Patrick Killoran is one of Pacific Trade Invest New Zealand’s colourful clients. The tall gangly Australian has been operating his coffee business in Mt Hagen, Papua New Guinea for several years. But in the past two or three years, he has stepped up his game.
In 2016, Mr Killoran was invited to attend PTI NZ’s Path to Market delegation to Auckland’s Pasifika Festival with a small group of PNG business entrepreneurs.
He was also then invited to attend the Fine Food Auckland show followed by Food Show Australia in Melbourne and the SIAL 2016 in Paris and London’s Caffe Culture in 2017 (which he’s planning to go back to this year.)
Since then Mr Killoran has spent time consolidating his efforts and doing the things he could manage. 2017 was a challenging year. But he made it through and continued to grow his business, slowly but surely.
He now has regular customers in Fiji where he is exporting monthly as also to the Cook Islands. He revitalised a coffee contact in Holland after being at SIAL 2016 and now has regular shipments to Finland. PNG Coffee sold in Finland – who knew!
Although he also exports to Australia and New Zealand, amounts are relatively small. Mr Killoran also has a great upmarket café in Mt Hagen and even if the visitor numbers are relatively low he remains optimistic.
The biggest challenges he faces are ongoing costs of freight, making transporting his coffee from PNG to international markets such as Australia and New Zealand expensive. Infrastructure is also a challenge. It’s tough going but Mr Killoran keeps ploughing forward.
This year Mr Killoran plans to attend London’s Coffee Culture organised through Trade Promotion Advisor Robyn Ekstrom of Pacific Trade Invest – Europe. Mr Killoran has also reached another milestone and been accepted for HACCP certification now working through the finer details.
The certification should help crack open European market doors a little more as international demand for coffee continues to grow.
The Telegraph’s Digital Travel Editor mapped the ‘world according to coffee consumption per capita’ on 1 October 2017.
The result – Finland averages 12kg per person per year according to stats from the International Coffee Organisation (ICO). Norway, Iceland, Denmark, Netherlands, Sweden and Switzerland, Belgium, Luxembourg and Canada round out the top 10. Not surprisingly, all countries with very cold climates!

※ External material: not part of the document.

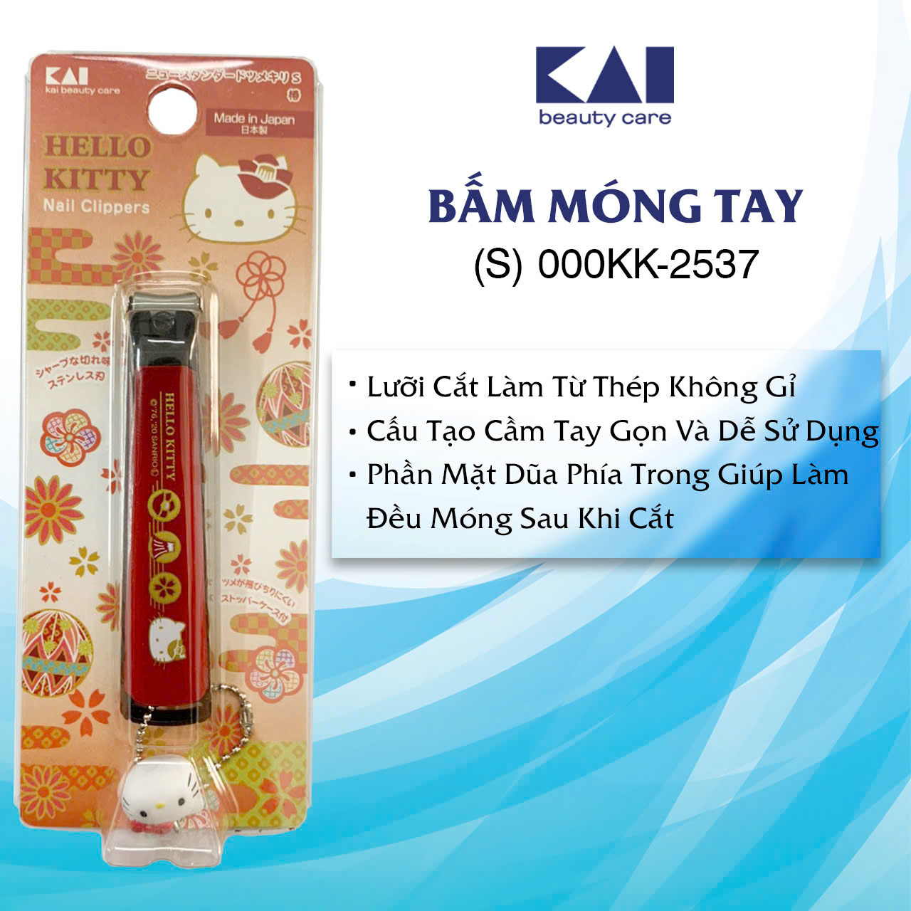 Bấm Móng Tay Kai Thép Không Gỉ 000KK-2537 (Size S) Thương hiệu : Kai Xuất xứ : Nhật Bản Mã vạch : 4901601308785 HSD: Vô thời hạn Quy cách: 1 vỉ 1 cái 1/ Thành

Brazil tops the biggest coffee exporter in the world, a spot its held for more than 150 years! It once held 80 per cent of the worlds market but now holds a third.
The rest of the top 10 are Vietnam, Colombia, Indonesia, Ethiopia, Honduras, India, Uganda, Mexico, and Guatemala. PNG exports almost all (99.9%) of its coffee in green beans. Less than 1% of its coffee in roast and ground form – and that’s the market where Banz Kofi is.
A recent study of Papua New Guinea’s coffee industry funded by PHAMA released in 2017 identified that PNG’s coffee sector involved around 400,000 households with annual export returns of around K350 million (AUD 148). But it also identified a raft of other issues affecting the progress of the industry.
But for a small holder such as Mr Killoran of Banz Kofi – exporting a high quality roasted coffee product is a big task but one that he’s willing to take on. Coffee is what he does.